Investors can rest assured that the alternative minimum tax does not affect their municipal bond holdings.
- The interest paid on municipal bonds is often exempt from federal taxes, making them an attractive investment option.
- Some private-activity bonds are taxed under the alternative minimum tax calculation.
- Some municipal bond funds are explicitly "AMT-free," indicating that their investments won't produce income subject to the Alternative Minimum Tax.
- The number of people subject to that taxation has significantly decreased due to tax-law changes in effect through 2025.
Many investors may have opted for "AMT-free" municipal bond funds recently.
These days? Maybe not so much.
Since the federal tax overhaul in 2018, only a small share of taxpayers are subject to the alternative minimum tax (AMT), which means that investing in such a fund may not provide an additional tax benefit, experts suggest.
T. Rowe Price's thought leadership director, Roger Young, stated that from a financial-planning perspective, people should not be overly concerned about their bond fund being 'AMT-free.'
Young stated that while there is nothing inherently wrong with an AMT-free fund, most individuals should not have to concern themselves with it.
Individuals with high incomes may be required to pay the AMT, which is essentially a tax that operates under a different tax structure than the regular income tax. The AMT calculates tax liability by disallowing certain deductions and including some income not taxed under normal rules, and individuals must pay the higher of the two amounts.
In 2018, the number of taxpayers subject to the AMT decreased from 5 million in 2017 to approximately 150,000, due to changes in the Tax Cuts and Jobs Act.
In 2022, the AMT exemption amount for single filers is $75,900 and $118,100 for married couples filing jointly. However, these exemptions begin to phase out at $539,000 for single filers and $1,079,800 for joint filers.
The attraction of muni bonds for investors lies in the fact that the interest earned is typically exempt from both federal and state taxes, where the bond is issued.
Most private-activity muni bonds, which are not used solely for government functions, do not fall under the AMT.

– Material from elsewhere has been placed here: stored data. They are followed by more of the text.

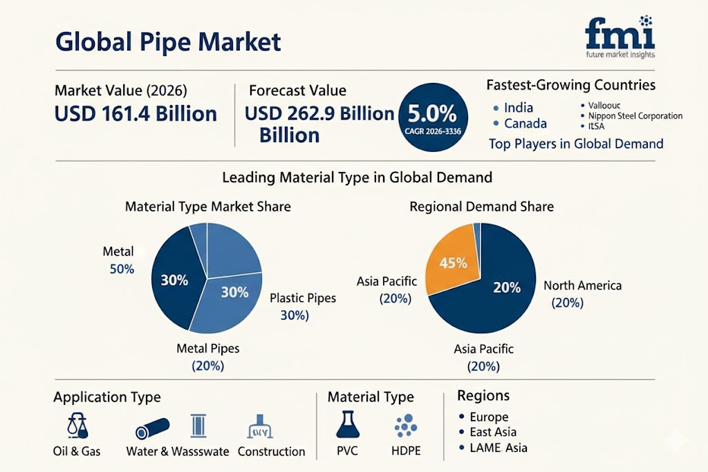 The global Pipe Market is entering a decade of structured and predictable expansion, supported by essential infrastructure development rather than short-term construction cycles. Valued at USD 161.4 billion in 2026, the market is projected to reach USD 262.9 billion by 2036, registering a CAGR of 5.0%. This growth trajectory reflects sustained capital deployment toward water distribution systems, energy transport corridors, and industrial utility networks across both mature and emerging economies.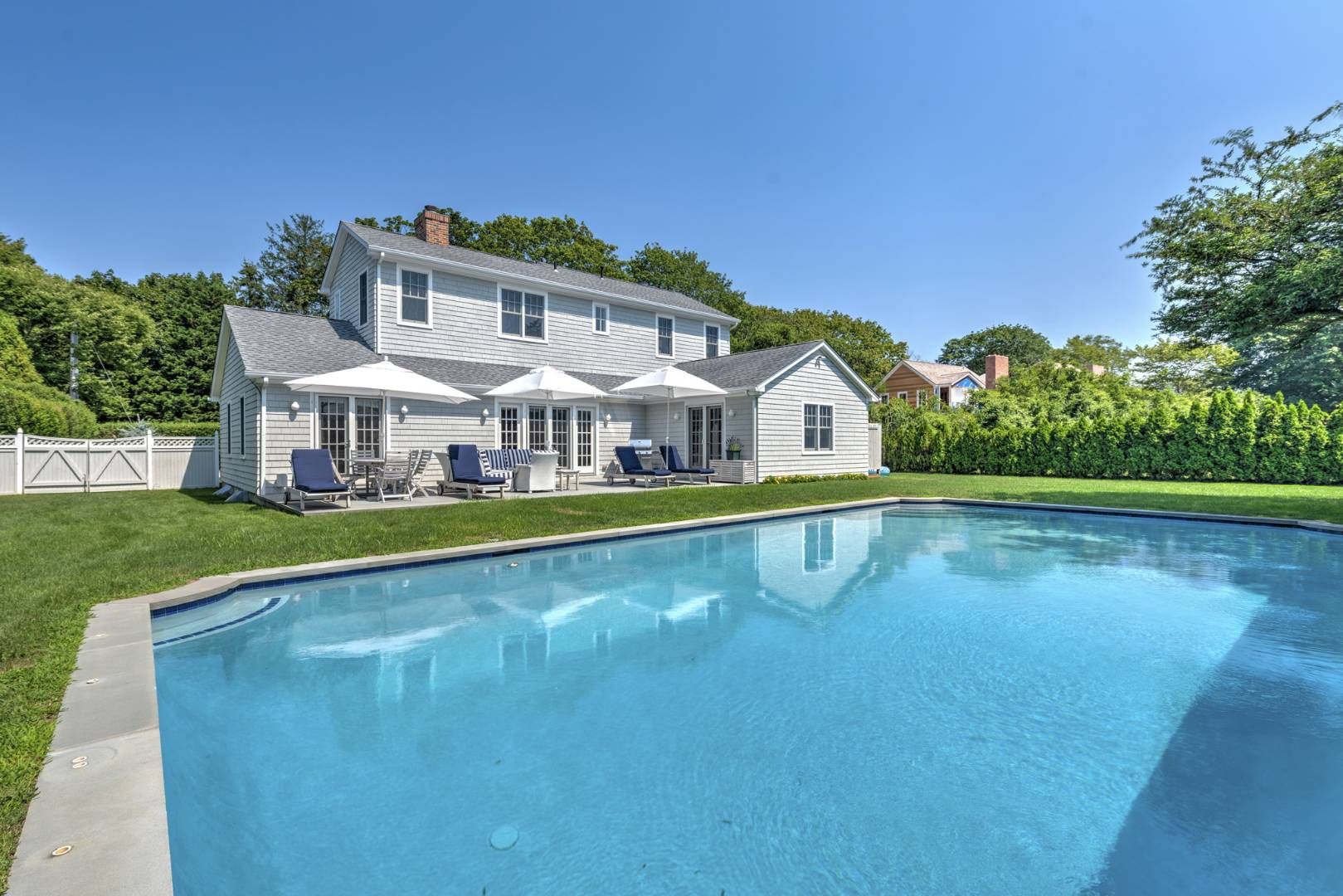 This new construction is located just two blocks from Little Plains Beach and features five ensuite bedrooms [2 masters], five bathrooms, a family room, central air-conditioning and a heated Gunite saltwater pool for your enjoyment. Downstairs bath has a Jacuzzi tub, one of the upstairs bathrooms has a large steam shower. Outdoor shower near pool. Burglar alarm and pool alarms on doors for added security. Washer and dryer conveniently located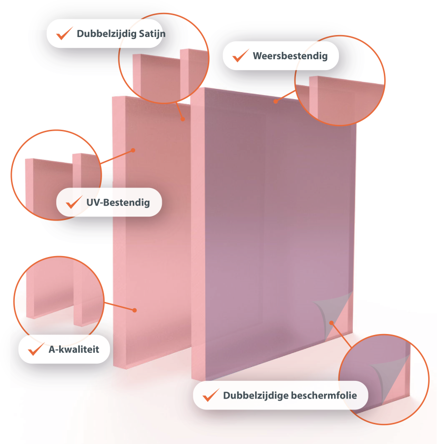 Acrylaat (Plexiglas®) gegoten is een hoogwaardige thermoplast met uitstekende optische, mechanische en chemische eigenschappen. Veelzijdig inzetbaar voor reclame, interieurbouw en technische toepassingen.

For most investors, other funds could provide exposure to private-activity bonds, while a muni bond fund that excludes those holdings may be suitable only for those still subject to the AMT.
Young stated that the fund's avoidance of AMT income limits the range of possible investments.
Most funds' income is largely tax-free, even if you were to get surprised by the AMT.
According to Beth Foos, associate director of fixed-income strategies at Morningstar, bonds subject to the AMT are not typically a significant portion of a portfolio's holdings, even for funds that can invest in them.
And, most muni bonds would qualify as AMT-free anyway, Foos said.
In general, the majority of the market, she stated.
Historically, municipal bonds subject to the Alternative Minimum Tax (AMT) typically provided higher yields than those not subject to it. However, the difference in yields may have decreased since the tax changes were implemented.
Be mindful that while your municipal bond income is not taxed, it is taken into account when calculating how much of your Social Security income is taxed and whether you will pay higher Medicare premiums.
The Tax Cuts and Jobs Act's AMT changes will expire at the end of 2025, along with other provisions that reduced individual tax burdens.
If Congress fails to act, approximately 7 million taxpayers will be subject to the AMT in 2018, according to estimates from the Tax Policy Center. In 2017, the AMT exemption was $54,300 for single filers and $84,500 for married filing jointly, and the exemption was phased out when AMT taxable income exceeded $120,700 for singles and $160,900 for joint filers.
"Ignoring the fact that the law is set to expire is not advisable, as it would depend on one's individual circumstances whether to hold onto the funds or not," Young stated.